Changes in regulations by the NRC could require a substantial increase
in capital expenditures or result in increased operating or
decommissioning costs.
o Nuclear Accident Risk - Although the safety record of Comanche Peak and
other nuclear reactors generally has been very good, accidents and
other unforeseen problems have occurred both in the US and elsewhere.
The consequences of an accident can be severe and include loss of life
and property damage. Any resulting liability from a nuclear accident
could exceed Energy's resources, including insurance coverage.
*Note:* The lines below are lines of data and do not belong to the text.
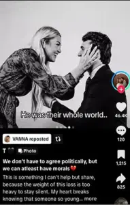 Screenshots and recordings shared online show the 22-year-old influencer reposting a slideshow that features black-and-white images of Kirk, accompanied by captions emphasizing his ‘integrity’ and the ‘weight of this loss.’ The original post, which Einerson shared, was captioned with the line: ‘We don’t have to agree politically, but we can at least have morals.’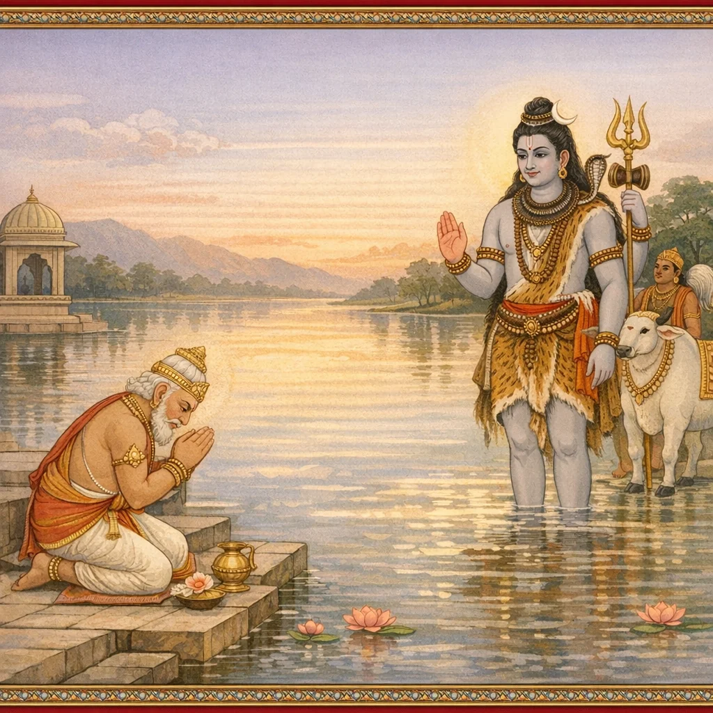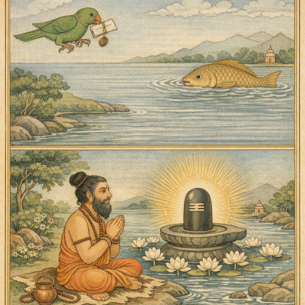 बकरूपेण महेश्वरदर्शनं तथा नर्मदामाहात्म्योपदेशः | Mahādeva as the Crane and the Instruction on Narmadā’s Sanctity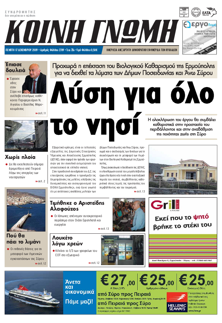 ΚΟΙΝΗ ΓΝΩΜΗ ΚΟΙΝΗ ΓΝΩΜΗ Ημερησια Εφημεριδα των Κυκλαδων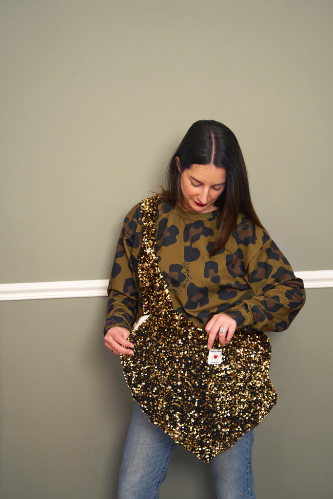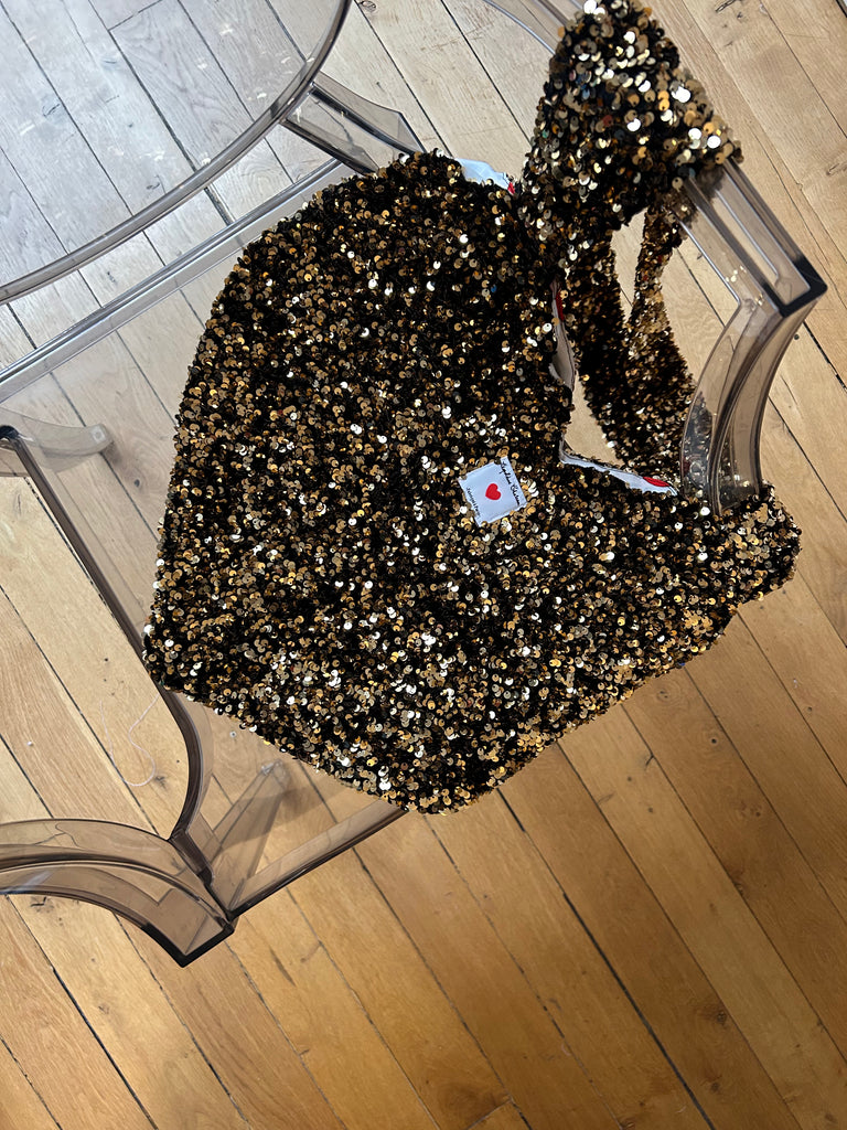 Sequins sur velours 100% polyester, doublure satin polyester imprimée (les imprimés varient selon les saisons)

Energy is subject to extensive environmental regulation by governmental
authorities. In operating its facilities, Energy is required to comply with
numerous environmental laws and regulations, and to obtain numerous governmental
permits. Energy may incur significant additional costs to comply with these
requirements. If Energy fails to comply with these requirements, it could be
subject to civil or criminal liability and fines. Existing environmental
regulations could be revised or reinterpreted, new laws and regulations could be
adopted or become applicable to Energy or its facilities, and future changes in
environmental laws and regulations could occur, including potential regulatory
and enforcement developments related to air emissions.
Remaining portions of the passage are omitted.